Since World War II, real-estate developers, the oil industry, and the politicians in their thrall, have touted crime as "the price you pay" for living in the inner city. It's the reason the middle-class whites left in droves for the suburbs in the '50s and '60s, taking their tax-base with them, and the reason the up-and-coming young African-American families are moving out today.
But I wonder if the touted "safety" of the suburbs, relative to that of the city core, isn't exaggerated. Yes, we have regular shootings and homicides in our more troubled city neighborhoods; we don't generally have that in the suburbs--that's not necessarily the comparison I'm making. I'm speculatively comparing the incidence of stranger-on-stranger crime like child-abduction and rape, in the most attractive driving-dependent neighborhoods--like those where my cousins live--to the incidence in fairly vital urban neighborhoods like mine. I suspect my walkable neighborhood, where people mind the street, would come out ahead.
Before moving back to Oakland in 1999, I myself lived for two years in an affluent east-bay hill suburb I won't name, renting an in-law studio associated with a family's home. I was a considerable distance from stores, public transportation, or any public amenities to speak of. It's fortunate gasoline was much cheaper in the '90s than it is today, because I drove a lot back then. So did everybody around me.
There was no graffiti or trash in my old neighborhood. But many front yards were oddly unkempt, because most adults worked, full-time and more, to pay oppressive mortgages, commuting to expensive homes they ended up not spending much time in. I was very aware of something else in the zeitgeist of that community--in a lovely, pastoral setting--a simmering tension, maybe a desperation, among residents. This undiscussed dis-ease fed addictions, depression, marital discord, and, at times, broke forth in shocking displays of selfishness and incivility.
The vacant, dour expressions of a gaggle of 8-10 pierced, tattooed teenagers, perennially loitering at one cul-de-sac in town, haunt me to this day. I recall the urge I had, whenever I saw them, to stand in front of them and shout, "You're RICH!! Your parents have MADE IT, living here, damn it!! Why aren't you
HAPPIER??"
One dog we had when I was growing up had a very thick coat not particularly well-suited to the climate we lived in. I can still remember this dog, panting and shifting, in clear distress, in the full afternoon sun. But it somehow didn't occur to her to move to the shade nearby, or go indoors.

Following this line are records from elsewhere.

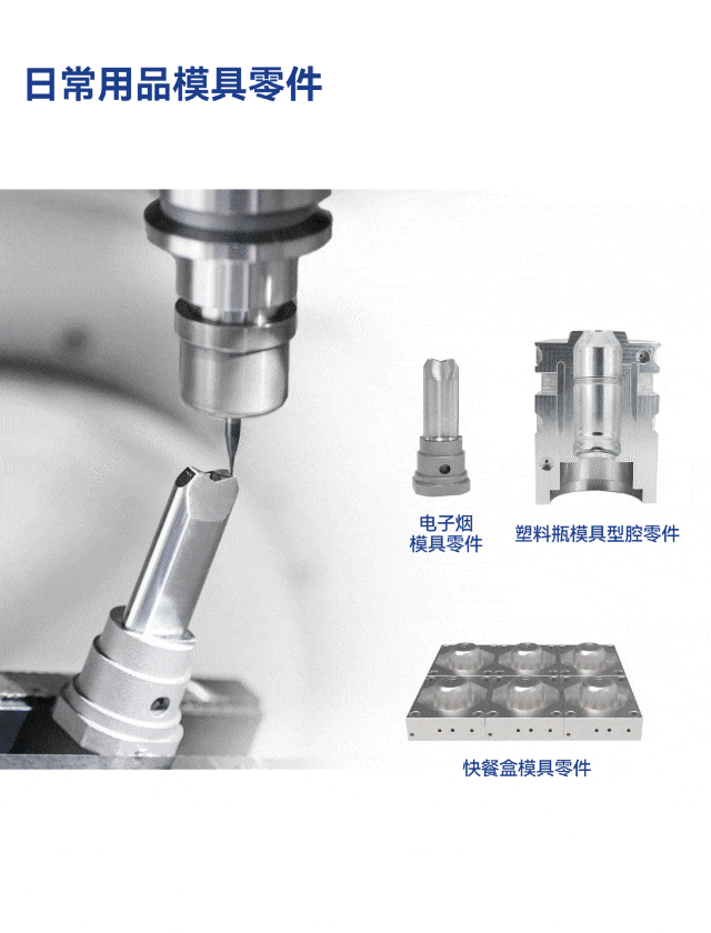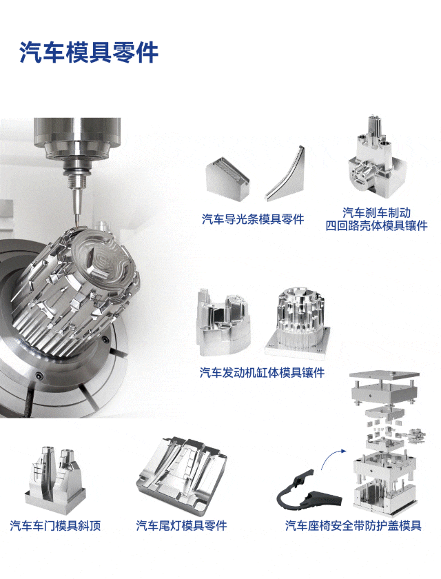 北京精雕根据各个行业的零件特点、工艺、精度及效率要求,形成成熟、稳定的行业解决方案,并可依据行业客户的需求快速实现一站式交钥匙服务。 尤其在多个行业的模具零件生产中实现广泛应用,包括:汽车模具零件、手办模具零件、电子消费品模具零件、日常用品模具零件、精密电极、刀具刀片模具零件、整套模具等。
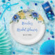 Cette assiette élégante et raffinée présente des fleurs aquarelles bleues, jaunes et blanches avec du feuillage. Le texte combine une écriture manuscrite et des polices serif pour un look stylé et moderne. C'est parfait pour une fête de mariage rustique de printemps ou d'été.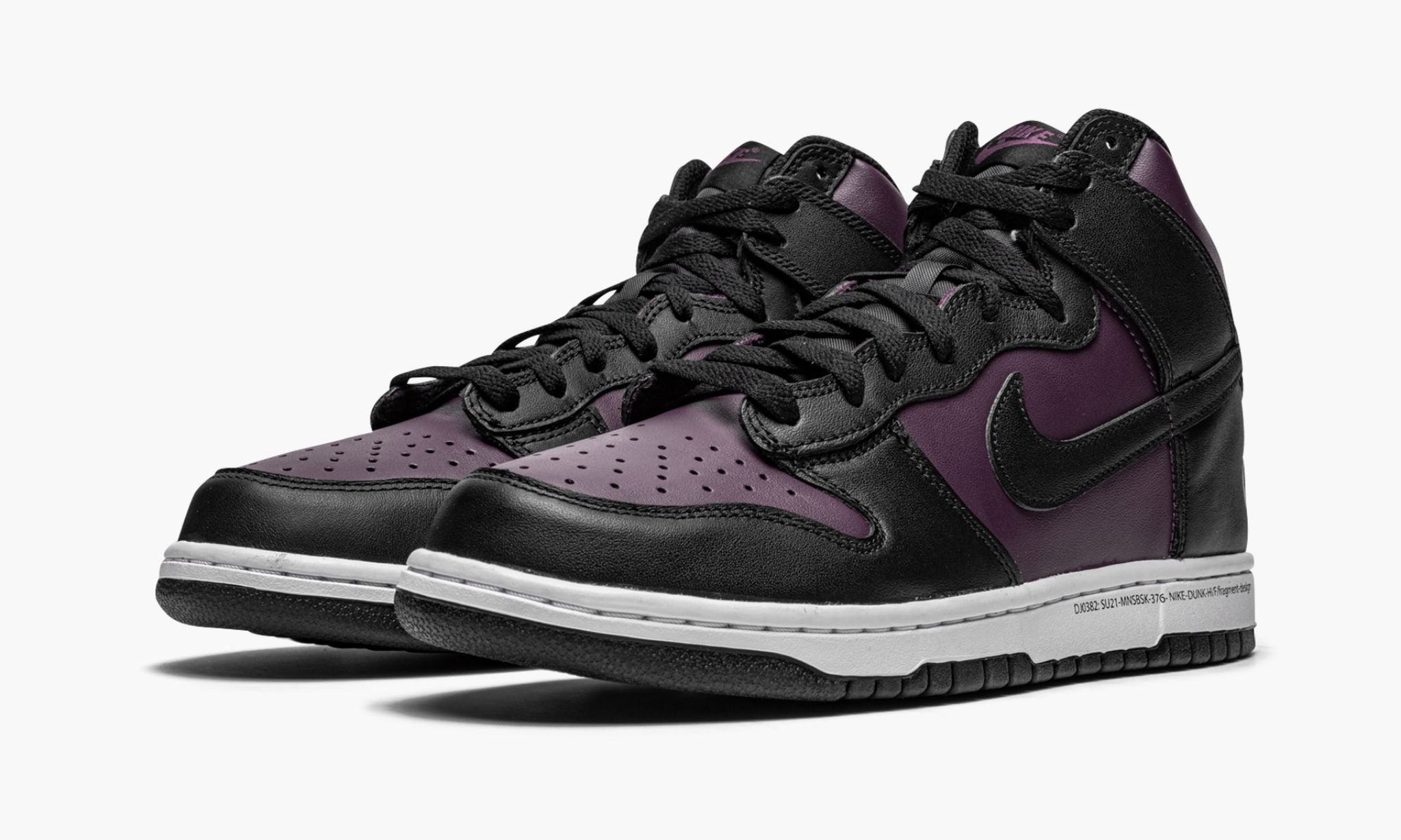 The Fragment x Nike Dunk High “City Pack - Beijing 2021” is a modern re-release of Hiroshi Fujiwara’s collaborative Dunk colorway that salutes some of the world’s most fashionable cities. Debuting in 2010, the Fragment-designed “City Pack” honored New York, London, and Beijing with unique mismatched colorways of the Dunk. Here, on the 2021 edition, Fragment and Nike do away with the “City Pack’s” original mismatched color block, opting for a more traditional Dunk look. Details include purple leather on the perforated toe and on the mid-panel and collar. Black leather overlays can be found on the forefoot, eyelets, collar, and Swoosh. Fragment’s lightning bolt motif appears on the lateral heel counter and industrial-style text is printed on the white midsole, a previously unseen detail on the original “Beijing” Dunk from 2010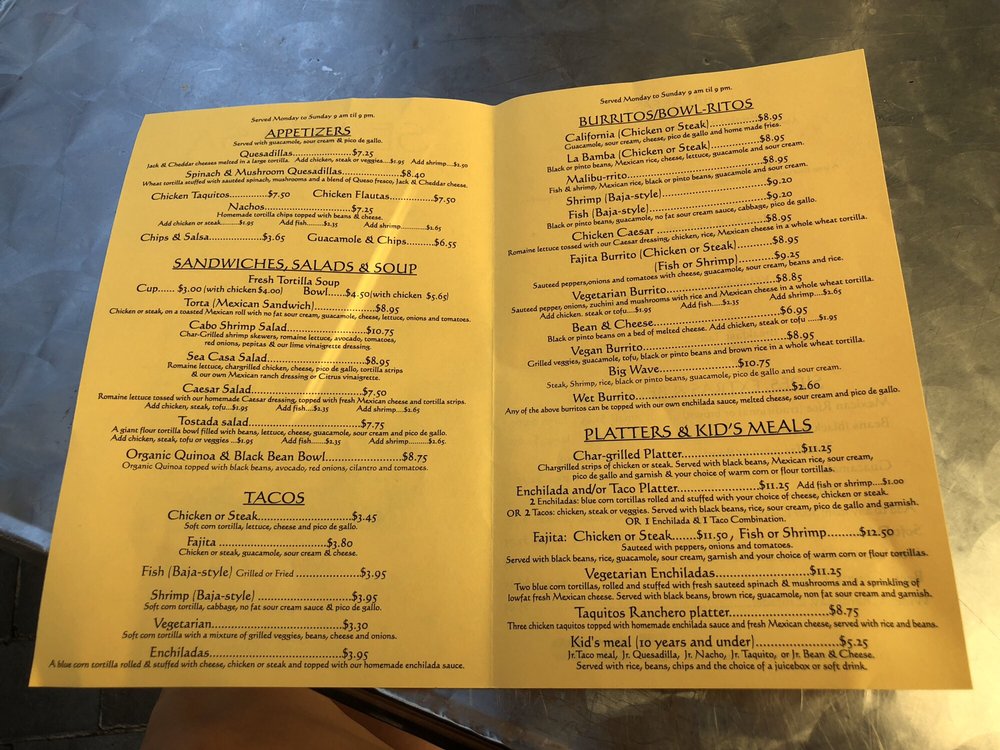 Introducing The Sea Casa, a Mexican restaurant in Westlake Village, CA, offering a diverse menu with options for pescatarians, vegans, and vegetarians. The restaurant boasts a range of amenities from delivery and takeout to outdoor seating and happy hour specials. Customer reviews rave about the flavorful dishes, such as the breakfast burrito, tacos, and tortas. The salsa bar and healthy options are highlighted, along with the friendly staff and quick service. With ample parking and both indoor and outdoor dining options, The Sea Casa provides a relaxed and inviting atmosphere for enjoying delicious Mexican cuisine. Whether you're in the mood for a hearty burrito or a refreshing salad, this restaurant caters to a variety of tastes while maintaining a consistent level of freshness and quality. Don't miss out on experiencing the vibrant flavors and warm hospitality at The Sea Casa.

"It takes her a while to figure out what hurts," my father commented. Eventually, a human would have to guide her out of the sunshine.
I don't mean to imply more compact and walkable neighborhoods are the answer to every individual, family, and social ill. But in our political climate, and in our personal moods, I wonder how often we, like the hot dog of my childhood, ignore the obvious? How many a prescription for Prozac gets written before the living circumstances, beyond the home, are really probed?